We do not need to start removing the low multiples of a given value! When removing the multiples of 11, say, we have already removed 11 * 2, 11 * 3, 11 * 5 and 11 * 7! We can start with 11 * 11!
def erathostenes_better_2(n):
sieve = [True] * (n + 1)
sieve[0:2] = [False,False]
for i in range(2, math.floor(math.sqrt(n)) + 1):
if sieve[i]:
for j in range(i * i, n + 1, i):
sieve[j] = False
return sieve
def erathostenes_primes_under_better_2(n):
primes = erathostenes_better_2(n)
res = []
for i in range(2, n+1):
if primes[i]: res = res + [i]
return res
erathostenes_primes_under_better_2(10000)[-1]
9973
But here is one more advantage with the sieve approach:
the list of boolean values is actually an implementation of the function that tests whether a number is prime or not.

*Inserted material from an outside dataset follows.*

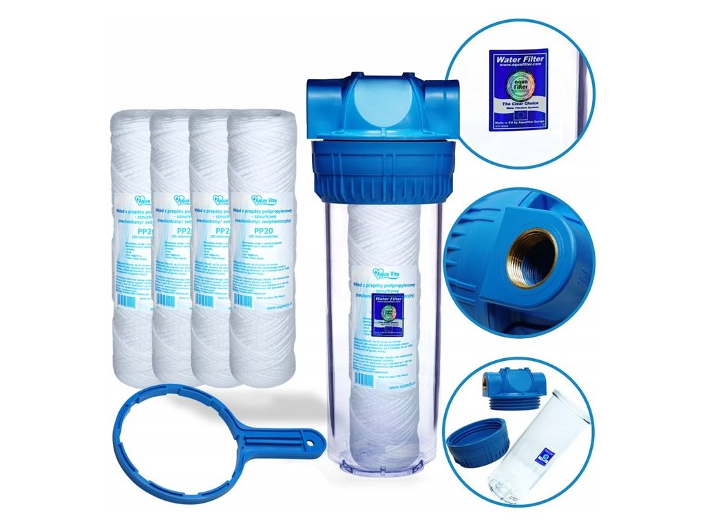 Na ochranu hlavy pred mechanickou kontamináciou tečúcou vo vode sa odporúča nainštalovať 10" rúrkový predfilter s polypropylénovou kazetou. Sada obsahuje telo s prívodom 5 strunových vložiek ZDARMA.
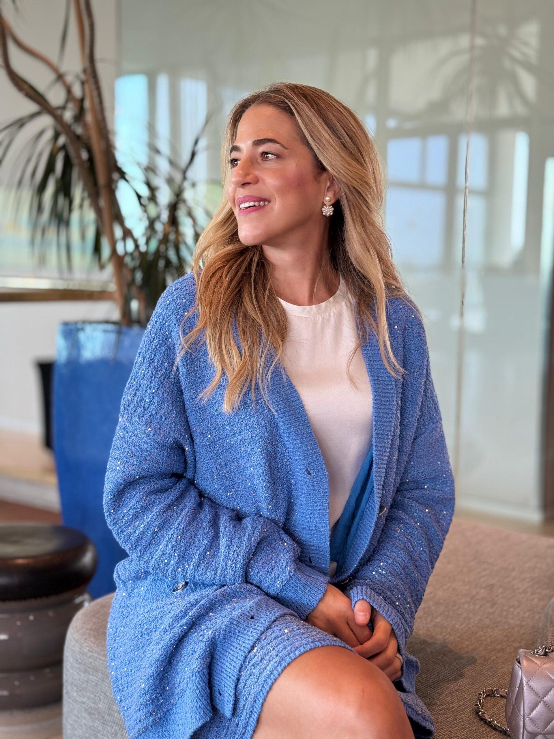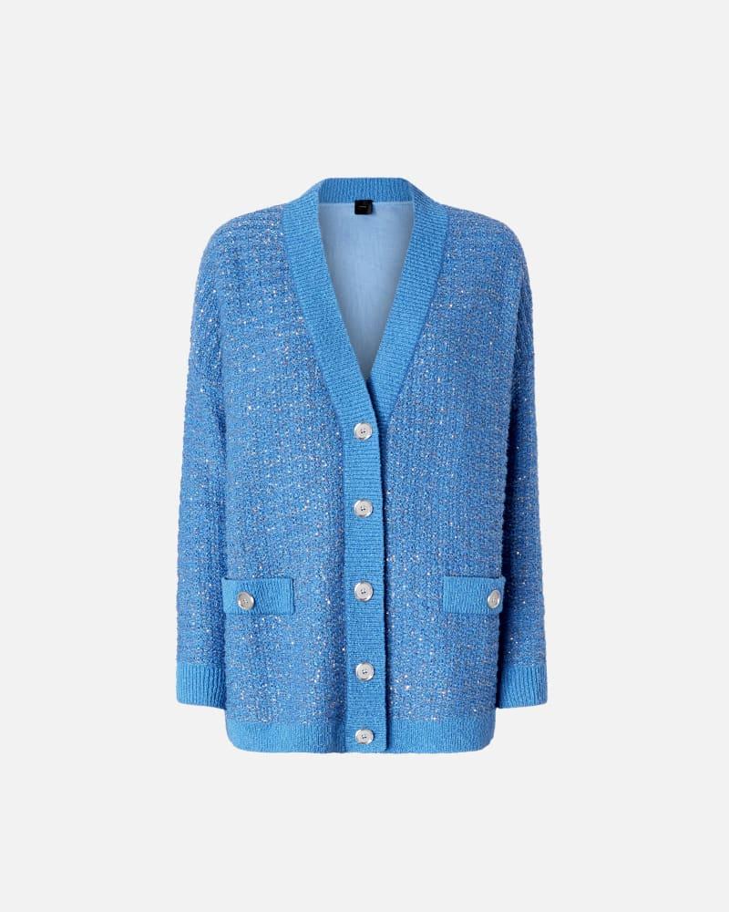קרדיגן פינקו מטאלי בקליעת סלים עם נצנצים

Once we calculate this list it is very easy to test whether a number is prime or not with just one operation.
bound = 100000
isPrime = erathostenes_better_2(bound)
print(isPrime[2])
print(isPrime[3])
print(isPrime[4])
print(isPrime[97])
True
True
False
True
Summary¶
You have seen 2 different algorithms to solve the same problem and you have seen that for a given algorithm there are details that can make it better!